Getting the API Key from ServiceStack request

Have a simple get Customer api that's returning list of customers fine.
Setting up for service to service authentication, if I make this [Authenticated] and try to implement using ApiKeyAuthProvider, the req.GetApiKey returns null and I get an error;
Microsoft.AspNetCore.Hosting.Internal.WebHost:Information: Request starting HTTP/1.1 POST https://localhost:44347/api/customers application/json 0
Microsoft.AspNetCore.Hosting.Internal.WebHost:2019-07-01 16:50:34,004 [16] INFO Microsoft.AspNetCore.Hosting.Internal.WebHost - Request starting HTTP/1.1 POST https://localhost:44347/api/customers application/json 0
The thread 0x42cc has exited with code 0 (0x0).
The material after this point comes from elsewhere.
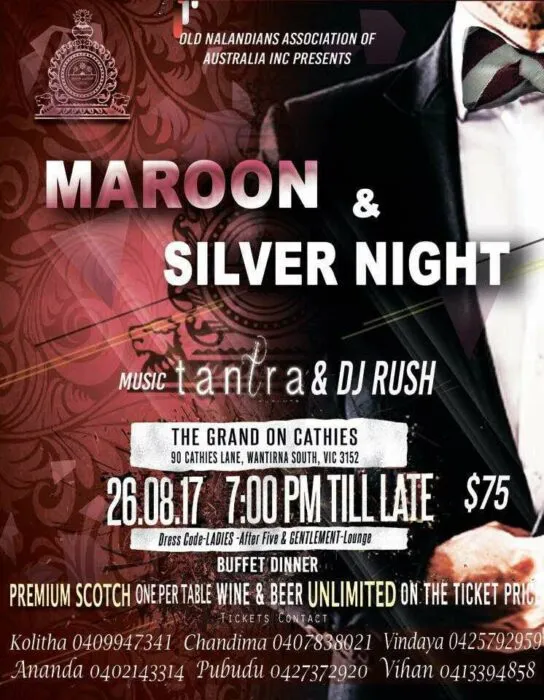Maroon & Silver Night presented by the Old Nalandians Association of Australia Inc featuring Tantra & DJ Rush. Tickets: $75 For more information Kolitha: 0409947341, Chandima: 0407838021, Vindaya: 0425792959

The thread 0x302c has exited with code 0 (0x0).
ServiceStack.ServiceStackHost:2019-07-01 17:01:14,601 [16] ERROR ServiceStack.ServiceStackHost - ServiceBase<TRequest>::Service Exception
System.ArgumentOutOfRangeException: Length cannot be less than zero.
Parameter name: length
at System.String.Substring(Int32 startIndex, Int32 length)
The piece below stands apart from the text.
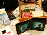 トンパ文字のMACHA&ETSUKOさんが久々のボックス出展。トンパ文字がデザインされたエコバッグ(700円〜)、カレンダー(1,000円)などなど。自分たち流にアレンジしたトンパ文字は意外にポップ。ちょっとしたところに飾れるアートフレーム(800円〜)もあります。/写真・下段は北海道からご出展の「と遊庵」さん。!東京進出です。古布と手漉きの紙を使用した小物は手作りのあたたかさが伝わってくる作品。写真・右の古布ポーチ(6,000円)はカメラバッグにも使えそう。着物を着て撮影会なんていかがでしょう。

at ServiceStack.Host.HttpRequestAuthentication.GetBasicAuth(IRequest httpReq) in C:\BuildAgent\work\3481147c480f4a2f\src\ServiceStack\Host\HttpRequestAuthentication.cs:line 45
at ServiceStack.Host.HttpRequestAuthentication.GetBasicAuthUserAndPassword(IRequest httpReq) in C:\BuildAgent\work\3481147c480f4a2f\src\ServiceStack\Host\HttpRequestAuthentication.cs:line 50
at ServiceStack.Auth.ApiKeyAuthProvider.PreAuthenticate(IRequest req, IResponse res) in C:\BuildAgent\work\3481147c480f4a2f\src\ServiceStack\Auth\ApiKeyAuthProvider.cs:line 232
at ServiceStack.AuthenticateAttribute.PreAuthenticate(IRequest req, IEnumerable`1 authProviders) in C:\BuildAgent\work\3481147c480f4a2f\src\ServiceStack\AuthenticateAttribute.cs:line 96
at ServiceStack.AuthenticateAttribute.ExecuteAsync(IRequest req, IResponse res, Object requestDto) in C:\BuildAgent\work\3481147c480f4a2f\src\ServiceStack\AuthenticateAttribute.cs:line 74
at ServiceStack.Host.ServiceRunner`1.ExecuteAsync(IRequest req, Object instance, TRequest requestDto) in C:\BuildAgent\work\3481147c480f4a2f\src\ServiceStack\Host\ServiceRunner.cs:line 127
Microsoft.AspNetCore.Hosting.Internal.WebHost:Information: Request finished in 640574.8754ms 400 application/json; charset=utf-8
Microsoft.AspNetCore.Hosting.Internal.WebHost:2019-07-01 17:01:14,607 [16] INFO Microsoft.AspNetCore.Hosting.Internal.WebHost - Request finished in 640574.8754ms 400 application/json; charset=utf-8
Clearly I have missed something obvious...any pointers appreciated.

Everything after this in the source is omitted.